I usually handle all of my configuration files through my Puppet manifest. You could setup each EC2 instance to pull updates from a Puppet Server, then you can roll out changes on demand. Part of this process should be updating the AMI stored in your AutoScale group (this is done with the Amazon Command Line tools).
how do you deploy the latest codes to your app to the server with less
disruption in production?
Test it in staging first! Also a neat trick is to versioned deployments, so each time you do a deployment it gets its own folder (/var/www/v1 /var/www/v2 etc) and once you have verified the deployment was successful you simply update a symlink to point to the lastest version (/var/www/current points to /var/www/v2).
OpsWorks handles all this sort of stuff for you so you can look into that if you don't want to do it all yourself.
how do you use puppet or chef to automate your admin task?
You can use Chef or Puppet to do all sorts of things, and anything they can't (or you don't know how to) do can be done via a bash/python script that you invoke from Chef or Puppet.
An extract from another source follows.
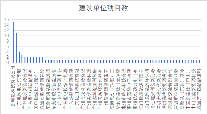 从建设单位来看,总计有65家建设单位参与,其中承担项目数量最多的建设单位为新电途科技有限公司的广东省深圳市储能项目。

I normally do things like install packages, build custom packages, set permissions, download things, start services, manage configuration files, setup cron jobs etc
I would really appreciate if you have anything to share on how you automate your administration task with aws
Look into CloudFormation. This can help you setup all your servers and related services (think EC2, LBS, CloudWatch) through configuration files, thus helping you to automate your entire stack (not just the EC2's Operating System).
There are quite a few resources on deployments of AMI's on EC2. But are there any solutions to incremental code updates to a PHP/Java based website?
Suppose I have 10 EC2 instances all running PHP / Java based websites with docroots local to the instance. I may want to do numerous code deployments to it through out the day.
I don't want to create a new AMI copy and scale that up to new instances each time I have a code update.
Any leads on how to best do this would be greatly appreciated. We use subversion as our main code repository and in the past we've simply done an SVN update/co when we were on one to two servers.
Thanks.
You should check out Elastic Beanstalk. Essentially you just package up your WAR or other code file, upload it to a bucket via AWS's command line/Eclipse integration and the deployment is performed automatically.
http://aws.amazon.com/elasticbeanstalk/
Elastic Beanstalk is exactly designed to do this for you. We use the Elastic Beanstalk java/tomcat flavor but it also has support for php, ruby, python environment. It has web console that allows you to deploy code (it even keeps history of it), it also has git tool to deploy code from command line.
It also has monitoring, load balancer, auto scaling all built in. Only a few web form entries to control all these.
Have you considered using a tool designed to manage this sort of thing for you, Puppet is well regarded in this area.
Have a look here:
https://puppetlabs.com/puppet/what-is-puppet/
(No I am not a Puppet Labs employee :))
Capistrano is a great tool for deploying code to multiple servers at once. Chef and Puppet are great tools for setting up those servers with databases, webservers, etc.
Go for a Capistrano . Its a good way to deploy your code on multiple servers .
As already mentioned Elastic Beanstalk is a good option if you just want a webserver and don't want to worry about the details.
Also, take a look at AWS CodeDeploy. You can have much more control over the lifecycle of your instance and you'd be looking at something very similar to what you have now (a set of EC2 instances that you setup). You can even get automatic deployments on instance launch with Auto Scaling.
You can either use Capsitrano or TravisCI.